Listed records:
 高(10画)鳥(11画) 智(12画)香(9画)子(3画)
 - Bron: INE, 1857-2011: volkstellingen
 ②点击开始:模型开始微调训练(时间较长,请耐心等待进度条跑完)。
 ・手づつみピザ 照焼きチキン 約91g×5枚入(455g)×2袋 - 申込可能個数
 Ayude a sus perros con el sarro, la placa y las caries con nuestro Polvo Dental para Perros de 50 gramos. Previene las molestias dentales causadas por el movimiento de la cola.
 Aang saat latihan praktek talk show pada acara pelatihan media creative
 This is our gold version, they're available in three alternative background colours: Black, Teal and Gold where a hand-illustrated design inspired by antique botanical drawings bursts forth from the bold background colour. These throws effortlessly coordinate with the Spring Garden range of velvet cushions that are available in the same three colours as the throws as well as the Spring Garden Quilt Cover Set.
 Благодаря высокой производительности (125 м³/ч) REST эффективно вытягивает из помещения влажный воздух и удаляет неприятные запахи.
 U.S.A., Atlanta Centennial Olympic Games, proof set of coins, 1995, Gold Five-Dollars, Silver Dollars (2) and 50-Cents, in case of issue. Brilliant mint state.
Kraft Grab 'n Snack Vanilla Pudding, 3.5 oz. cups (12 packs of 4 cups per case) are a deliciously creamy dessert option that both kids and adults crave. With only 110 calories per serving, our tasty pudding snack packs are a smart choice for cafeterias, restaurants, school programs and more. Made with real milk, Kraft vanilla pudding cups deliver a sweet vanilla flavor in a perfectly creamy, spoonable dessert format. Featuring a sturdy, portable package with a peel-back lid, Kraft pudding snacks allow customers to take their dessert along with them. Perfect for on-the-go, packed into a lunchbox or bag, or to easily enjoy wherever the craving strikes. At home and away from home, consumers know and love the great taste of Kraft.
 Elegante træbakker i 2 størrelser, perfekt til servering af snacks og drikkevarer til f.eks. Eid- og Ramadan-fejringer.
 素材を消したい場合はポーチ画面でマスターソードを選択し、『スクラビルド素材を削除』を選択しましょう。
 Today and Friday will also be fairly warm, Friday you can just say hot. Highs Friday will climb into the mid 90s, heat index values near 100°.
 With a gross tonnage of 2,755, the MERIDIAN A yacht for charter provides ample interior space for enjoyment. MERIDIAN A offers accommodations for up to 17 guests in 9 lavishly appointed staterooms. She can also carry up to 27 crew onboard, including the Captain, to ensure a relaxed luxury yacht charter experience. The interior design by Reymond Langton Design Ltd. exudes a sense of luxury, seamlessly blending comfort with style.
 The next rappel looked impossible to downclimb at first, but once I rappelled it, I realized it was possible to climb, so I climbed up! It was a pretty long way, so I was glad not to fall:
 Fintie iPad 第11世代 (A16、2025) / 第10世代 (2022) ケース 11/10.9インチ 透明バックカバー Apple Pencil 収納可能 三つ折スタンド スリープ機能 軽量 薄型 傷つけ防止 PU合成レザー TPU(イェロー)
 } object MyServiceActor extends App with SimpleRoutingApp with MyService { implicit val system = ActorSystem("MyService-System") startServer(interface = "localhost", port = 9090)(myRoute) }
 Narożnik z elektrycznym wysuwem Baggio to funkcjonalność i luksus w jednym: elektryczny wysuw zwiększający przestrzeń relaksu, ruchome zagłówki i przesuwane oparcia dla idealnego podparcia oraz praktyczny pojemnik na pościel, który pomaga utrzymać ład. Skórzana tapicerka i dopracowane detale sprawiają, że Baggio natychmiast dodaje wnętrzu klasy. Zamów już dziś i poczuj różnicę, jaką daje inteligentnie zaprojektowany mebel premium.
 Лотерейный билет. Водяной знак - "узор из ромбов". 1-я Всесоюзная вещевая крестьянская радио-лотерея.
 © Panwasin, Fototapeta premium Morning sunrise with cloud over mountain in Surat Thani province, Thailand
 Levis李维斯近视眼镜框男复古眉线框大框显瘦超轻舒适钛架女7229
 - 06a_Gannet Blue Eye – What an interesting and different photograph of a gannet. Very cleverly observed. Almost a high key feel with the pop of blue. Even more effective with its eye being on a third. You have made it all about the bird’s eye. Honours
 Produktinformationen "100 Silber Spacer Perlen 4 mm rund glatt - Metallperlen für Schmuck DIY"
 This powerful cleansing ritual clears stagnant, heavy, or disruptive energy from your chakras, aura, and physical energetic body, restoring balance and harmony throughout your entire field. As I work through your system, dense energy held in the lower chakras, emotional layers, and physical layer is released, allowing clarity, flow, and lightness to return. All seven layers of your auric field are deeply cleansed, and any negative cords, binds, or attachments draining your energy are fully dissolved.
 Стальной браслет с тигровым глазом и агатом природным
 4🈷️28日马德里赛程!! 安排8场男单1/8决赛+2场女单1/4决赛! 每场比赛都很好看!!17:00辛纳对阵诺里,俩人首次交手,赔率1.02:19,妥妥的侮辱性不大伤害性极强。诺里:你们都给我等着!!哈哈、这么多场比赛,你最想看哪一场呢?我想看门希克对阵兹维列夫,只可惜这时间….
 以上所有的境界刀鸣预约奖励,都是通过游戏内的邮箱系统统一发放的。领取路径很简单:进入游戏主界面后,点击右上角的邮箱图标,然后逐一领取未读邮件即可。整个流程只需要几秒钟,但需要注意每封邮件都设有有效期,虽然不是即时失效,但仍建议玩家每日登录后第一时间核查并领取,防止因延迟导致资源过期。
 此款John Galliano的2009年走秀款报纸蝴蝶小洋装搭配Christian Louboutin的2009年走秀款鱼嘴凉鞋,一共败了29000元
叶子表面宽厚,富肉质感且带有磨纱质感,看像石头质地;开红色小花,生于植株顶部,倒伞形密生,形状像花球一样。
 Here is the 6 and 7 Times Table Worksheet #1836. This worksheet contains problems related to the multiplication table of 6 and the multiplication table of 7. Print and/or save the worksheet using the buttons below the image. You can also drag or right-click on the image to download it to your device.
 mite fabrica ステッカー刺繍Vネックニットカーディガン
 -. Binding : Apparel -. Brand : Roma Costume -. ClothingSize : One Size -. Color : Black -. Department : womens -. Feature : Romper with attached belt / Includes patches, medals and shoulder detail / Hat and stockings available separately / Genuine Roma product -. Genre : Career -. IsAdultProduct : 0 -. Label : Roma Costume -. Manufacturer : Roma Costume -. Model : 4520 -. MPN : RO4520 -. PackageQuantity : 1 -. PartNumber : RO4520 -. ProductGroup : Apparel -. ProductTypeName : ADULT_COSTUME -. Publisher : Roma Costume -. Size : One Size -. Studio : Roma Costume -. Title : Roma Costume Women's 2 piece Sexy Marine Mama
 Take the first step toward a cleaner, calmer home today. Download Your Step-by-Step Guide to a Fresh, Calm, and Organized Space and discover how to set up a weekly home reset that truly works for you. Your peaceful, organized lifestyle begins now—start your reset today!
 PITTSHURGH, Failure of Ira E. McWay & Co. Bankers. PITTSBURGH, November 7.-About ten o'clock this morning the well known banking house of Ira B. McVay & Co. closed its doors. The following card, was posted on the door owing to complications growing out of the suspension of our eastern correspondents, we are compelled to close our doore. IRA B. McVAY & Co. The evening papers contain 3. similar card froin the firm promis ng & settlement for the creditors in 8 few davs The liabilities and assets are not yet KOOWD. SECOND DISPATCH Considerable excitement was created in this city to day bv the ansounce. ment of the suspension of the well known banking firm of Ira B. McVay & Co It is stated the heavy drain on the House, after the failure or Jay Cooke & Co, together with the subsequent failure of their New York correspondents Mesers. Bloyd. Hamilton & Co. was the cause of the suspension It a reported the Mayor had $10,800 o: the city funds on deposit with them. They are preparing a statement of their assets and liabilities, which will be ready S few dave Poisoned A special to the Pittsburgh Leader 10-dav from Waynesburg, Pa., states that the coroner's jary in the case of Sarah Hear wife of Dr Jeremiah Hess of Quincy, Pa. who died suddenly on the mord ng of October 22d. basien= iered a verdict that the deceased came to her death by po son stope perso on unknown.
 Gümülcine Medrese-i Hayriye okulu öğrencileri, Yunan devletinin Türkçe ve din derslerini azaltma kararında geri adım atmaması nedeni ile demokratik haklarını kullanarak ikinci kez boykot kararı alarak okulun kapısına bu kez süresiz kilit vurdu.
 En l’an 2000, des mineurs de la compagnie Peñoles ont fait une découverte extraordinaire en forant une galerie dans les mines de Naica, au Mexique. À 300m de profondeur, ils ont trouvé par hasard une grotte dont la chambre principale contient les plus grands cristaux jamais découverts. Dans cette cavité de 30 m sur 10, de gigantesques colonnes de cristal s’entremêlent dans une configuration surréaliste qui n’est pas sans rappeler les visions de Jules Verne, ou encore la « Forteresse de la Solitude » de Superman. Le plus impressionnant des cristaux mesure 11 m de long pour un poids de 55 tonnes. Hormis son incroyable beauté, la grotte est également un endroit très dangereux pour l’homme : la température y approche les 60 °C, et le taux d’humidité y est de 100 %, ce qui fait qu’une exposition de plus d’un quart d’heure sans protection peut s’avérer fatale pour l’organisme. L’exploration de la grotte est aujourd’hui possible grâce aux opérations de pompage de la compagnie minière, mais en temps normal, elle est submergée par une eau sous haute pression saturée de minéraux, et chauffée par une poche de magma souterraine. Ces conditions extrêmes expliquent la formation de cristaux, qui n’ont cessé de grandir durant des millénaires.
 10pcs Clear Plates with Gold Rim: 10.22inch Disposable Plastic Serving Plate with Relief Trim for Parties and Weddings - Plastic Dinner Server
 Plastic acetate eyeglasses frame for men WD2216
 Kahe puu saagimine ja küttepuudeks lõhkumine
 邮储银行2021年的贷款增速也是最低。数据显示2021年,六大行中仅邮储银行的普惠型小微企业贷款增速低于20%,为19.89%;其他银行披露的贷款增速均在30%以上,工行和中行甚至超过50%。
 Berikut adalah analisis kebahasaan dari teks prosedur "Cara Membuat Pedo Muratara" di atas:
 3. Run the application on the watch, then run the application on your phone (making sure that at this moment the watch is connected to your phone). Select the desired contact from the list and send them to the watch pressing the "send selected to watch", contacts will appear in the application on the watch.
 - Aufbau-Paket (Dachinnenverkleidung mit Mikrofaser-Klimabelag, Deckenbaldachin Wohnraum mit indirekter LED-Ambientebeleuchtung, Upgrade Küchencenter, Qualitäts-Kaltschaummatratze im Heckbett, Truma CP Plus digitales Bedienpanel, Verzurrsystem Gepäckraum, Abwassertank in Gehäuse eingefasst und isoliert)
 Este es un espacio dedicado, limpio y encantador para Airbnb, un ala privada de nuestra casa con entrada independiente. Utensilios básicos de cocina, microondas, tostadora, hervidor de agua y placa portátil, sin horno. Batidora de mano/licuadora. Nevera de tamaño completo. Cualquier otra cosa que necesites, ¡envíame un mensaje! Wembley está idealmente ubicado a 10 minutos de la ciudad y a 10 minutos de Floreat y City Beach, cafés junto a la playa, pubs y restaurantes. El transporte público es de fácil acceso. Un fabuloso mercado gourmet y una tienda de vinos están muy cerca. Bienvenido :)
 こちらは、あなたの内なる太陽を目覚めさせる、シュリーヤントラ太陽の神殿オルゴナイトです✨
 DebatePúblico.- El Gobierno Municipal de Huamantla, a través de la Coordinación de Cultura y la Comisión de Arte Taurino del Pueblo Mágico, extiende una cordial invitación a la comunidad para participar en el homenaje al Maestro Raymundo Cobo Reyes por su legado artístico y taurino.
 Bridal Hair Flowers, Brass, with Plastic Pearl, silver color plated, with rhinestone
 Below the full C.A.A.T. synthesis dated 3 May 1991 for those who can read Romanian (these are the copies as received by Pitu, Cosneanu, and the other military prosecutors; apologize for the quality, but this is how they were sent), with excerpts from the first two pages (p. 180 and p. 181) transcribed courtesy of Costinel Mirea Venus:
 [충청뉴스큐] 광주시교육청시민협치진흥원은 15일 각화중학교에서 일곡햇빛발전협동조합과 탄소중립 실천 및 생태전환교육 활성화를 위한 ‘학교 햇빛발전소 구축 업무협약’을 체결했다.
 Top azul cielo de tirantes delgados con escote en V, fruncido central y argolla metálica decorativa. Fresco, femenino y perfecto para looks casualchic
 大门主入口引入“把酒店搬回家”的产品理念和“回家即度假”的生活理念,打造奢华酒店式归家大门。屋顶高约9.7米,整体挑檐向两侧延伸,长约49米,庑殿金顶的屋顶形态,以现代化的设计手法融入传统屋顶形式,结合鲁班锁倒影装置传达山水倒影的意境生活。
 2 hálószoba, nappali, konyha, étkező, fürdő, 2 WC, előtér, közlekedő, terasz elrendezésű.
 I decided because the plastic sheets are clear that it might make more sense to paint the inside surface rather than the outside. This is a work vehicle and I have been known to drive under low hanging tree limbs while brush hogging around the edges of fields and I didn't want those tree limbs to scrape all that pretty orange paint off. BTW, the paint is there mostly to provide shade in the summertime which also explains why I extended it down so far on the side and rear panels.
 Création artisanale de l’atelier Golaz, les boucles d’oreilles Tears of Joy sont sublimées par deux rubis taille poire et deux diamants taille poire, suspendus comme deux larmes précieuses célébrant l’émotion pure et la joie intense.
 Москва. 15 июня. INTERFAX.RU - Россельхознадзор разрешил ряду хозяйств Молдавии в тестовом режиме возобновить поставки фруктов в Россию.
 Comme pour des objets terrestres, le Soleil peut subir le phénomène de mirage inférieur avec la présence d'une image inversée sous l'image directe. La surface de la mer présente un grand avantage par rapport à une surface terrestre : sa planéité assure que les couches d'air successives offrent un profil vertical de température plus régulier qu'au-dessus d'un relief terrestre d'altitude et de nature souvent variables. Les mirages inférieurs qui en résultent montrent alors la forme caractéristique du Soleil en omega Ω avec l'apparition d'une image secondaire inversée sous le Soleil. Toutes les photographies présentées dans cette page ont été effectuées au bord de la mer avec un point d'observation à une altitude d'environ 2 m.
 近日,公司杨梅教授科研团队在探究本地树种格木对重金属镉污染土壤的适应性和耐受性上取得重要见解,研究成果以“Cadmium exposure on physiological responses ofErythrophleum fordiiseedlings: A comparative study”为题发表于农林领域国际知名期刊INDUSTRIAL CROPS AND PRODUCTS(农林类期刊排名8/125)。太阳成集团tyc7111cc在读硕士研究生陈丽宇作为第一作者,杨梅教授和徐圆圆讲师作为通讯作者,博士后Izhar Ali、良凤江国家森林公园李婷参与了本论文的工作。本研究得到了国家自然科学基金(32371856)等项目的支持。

Your task: Every line in the material above that has the word "those" should be copied.

Exercise solution:
 Below the full C.A.A.T. synthesis dated 3 May 1991 for those who can read Romanian (these are the copies as received by Pitu, Cosneanu, and the other military prosecutors; apologize for the quality, but this is how they were sent), with excerpts from the first two pages (p. 180 and p. 181) transcribed courtesy of Costinel Mirea Venus:
 I decided because the plastic sheets are clear that it might make more sense to paint the inside surface rather than the outside. This is a work vehicle and I have been known to drive under low hanging tree limbs while brush hogging around the edges of fields and I didn't want those tree limbs to scrape all that pretty orange paint off. BTW, the paint is there mostly to provide shade in the summertime which also explains why I extended it down so far on the side and rear panels.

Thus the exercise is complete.